Will a Klipper Printer print much faster?
There is a widespread word that installing Klipper will make the 3D printer much faster than with any other other firmware.
This is essentially false or only true under certain conditions.
Key drivers for high speed printing
- Definition of printing speed
- Typically printing speed refers to finishing a printer job in the least possible time at best possible quality
- First influence: Acceleration [mm/s²] determines how fast the target Velocity is reached
- Second influence: Velocity [mm/s] is the maximum movement speed after the Acceleration is finished
- Both go hand in hand but often (especially models with lots of details), Acceleration is the bigger contributor since the maximum speed is never reached before the next direction change occurs.
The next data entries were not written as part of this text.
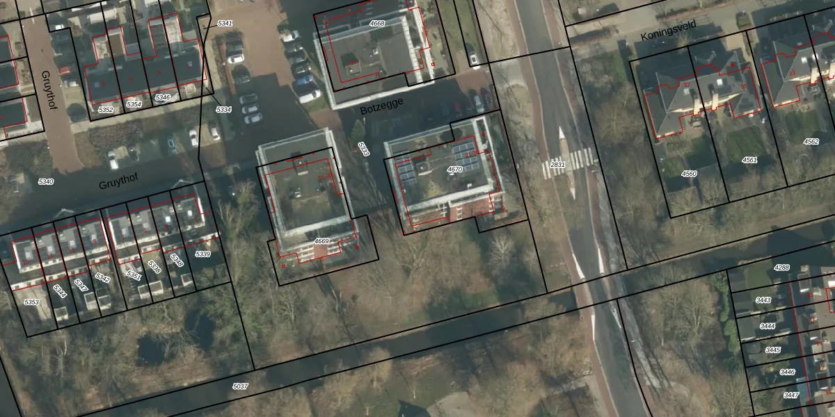Het perceel waarop Botzegge 27 staat heeft een oppervlakte van 669 m². Dit is een groot perceel. De perceeloppervlakte wordt geregistreerd door het Kadaster. Gedetailleerde informatie over de maten van dit perceel kunt u vinden in het rapport Kadastrale kaart met maatvoering van Botzegge 27.
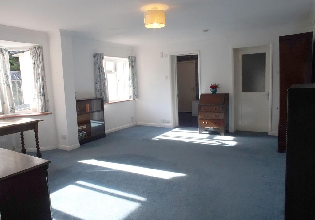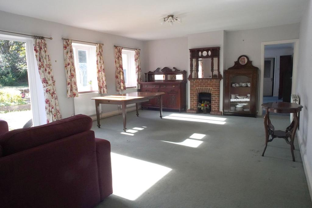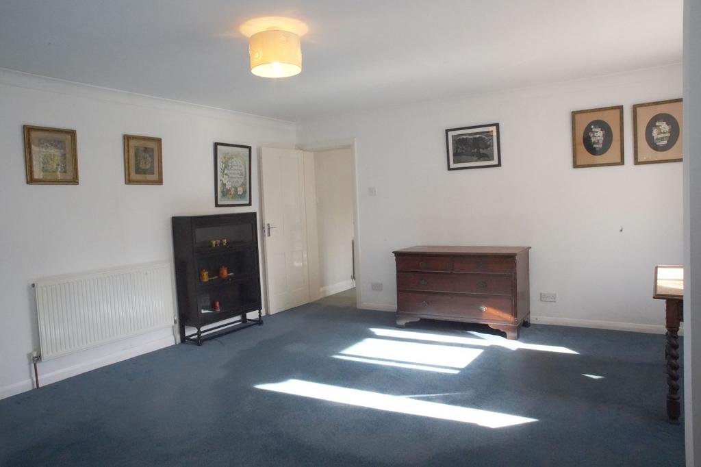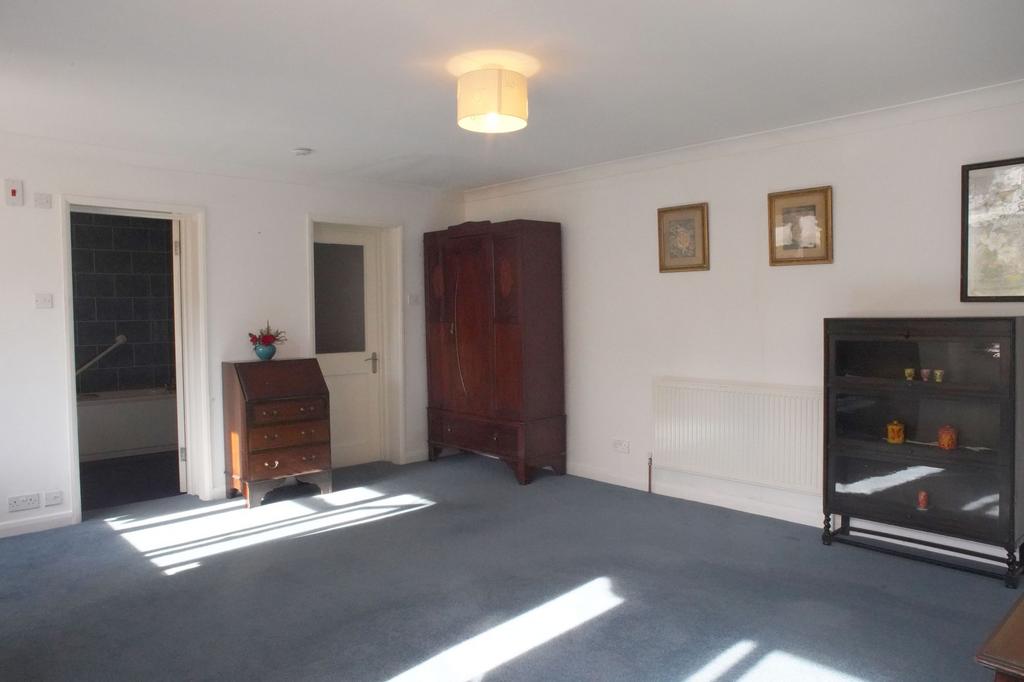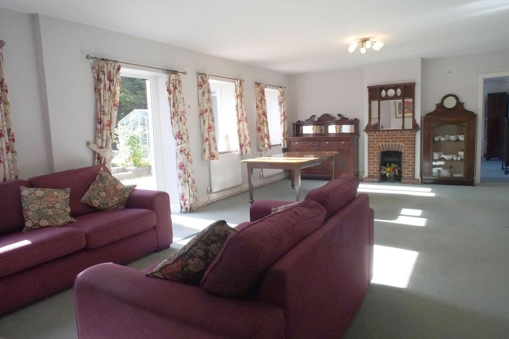 To the left is an exceptionally spacious living room with a wood burner at one end and an open fireplace at the other. There are windows on either side of a patio door which opens to the front of the house, these allow ample natural light into the living room giving a lovely view of the garden. Beyond the open fireplace a door leads into the downstairs bedroom. The bedroom is a large, bright room with a dressing room and a 4-piece en-suite with a walk-in shower, bath, w/c, basin and heated towel rail. From the en-suite, there is access to a store room/workshop with a further door leading into the double garage. Above the garage is a converted loft room, providing potential office space, games room, workroom or storage.
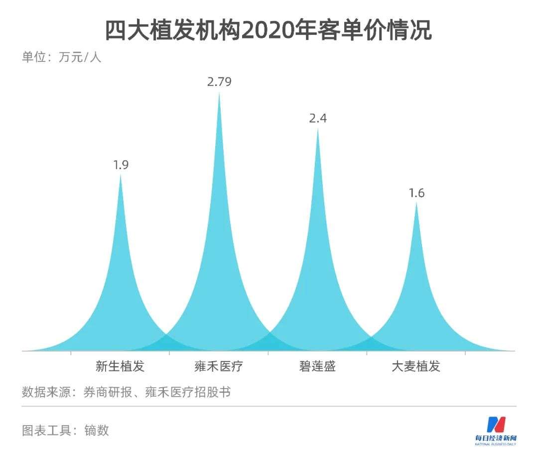 记者结合海通证券、开源证券研报发现,目前全国性的连锁植发机构还包括新生植发、碧莲盛、大麦植发,这3家在2020年取得的营收分别是4.85亿元、7.1亿元及6亿元,服务的植发患者数分别是2.5万人、3万人及3.7万人,计算可知客单价分别是1.9万元、2.4万元以及1.6万元。因此雍禾医疗较这些机构的收费要高出不少。
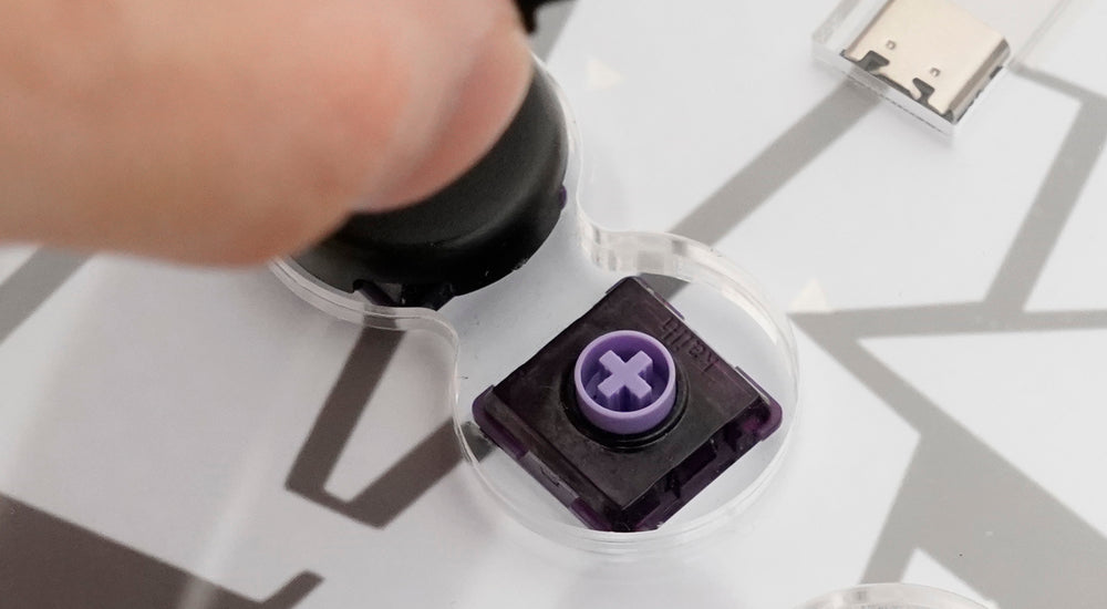 浅い入力で素早く反応する静音スイッチ「Purple Swallowtail」を採用。軽いタッチで連打や同時押しがラクにできる。横一列の移動ボタンでスライド入力にも対応。
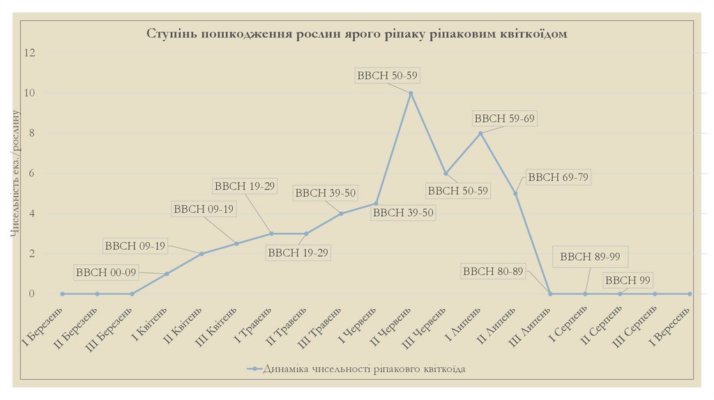 ◦ Пік чисельності квіткоїда на посівах озимого та ярого ріпаку припадає на фазу бутонізації, коли імаго живиться
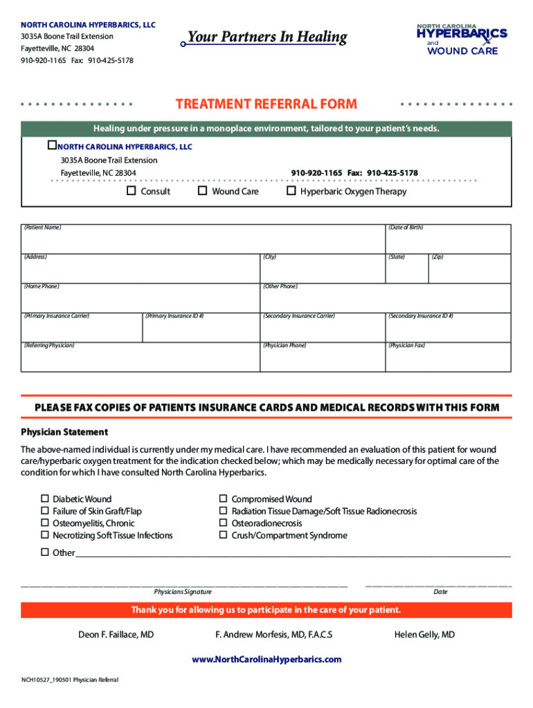 Fayetteville, NC 28304Your Partners In HealingandWOUND CARE9109201165 Fax: 9104255178TREATMENT REFERRAL FORM

- Mechanical quality of the printer has the biggest influence
- Stiffness of the frame
- Quality of the linear components, e.g. pulleys, linear rails, etc
- Quality of the design / quality of the built in terms of alignment, parallelism, perpendicularity etc.
- Torque and supply voltage of the stepper motor (The higher the voltage, the faster the stepper will reach higher speeds at its nominal torque and react more dynamically)
- Extrusion system needs to be able to cope with the required volume flow resulting from the chosen velocity
- Step rate the printer board is able to create: The faster the MCU on a printer board, the more steps per second it can manage
Klipper’s Selling Point
- As explained in the Klipper Architecture / Ecosystem post, Klipper offloads all path planning and step generation to the SBC (e.g. a Raspberry Pi)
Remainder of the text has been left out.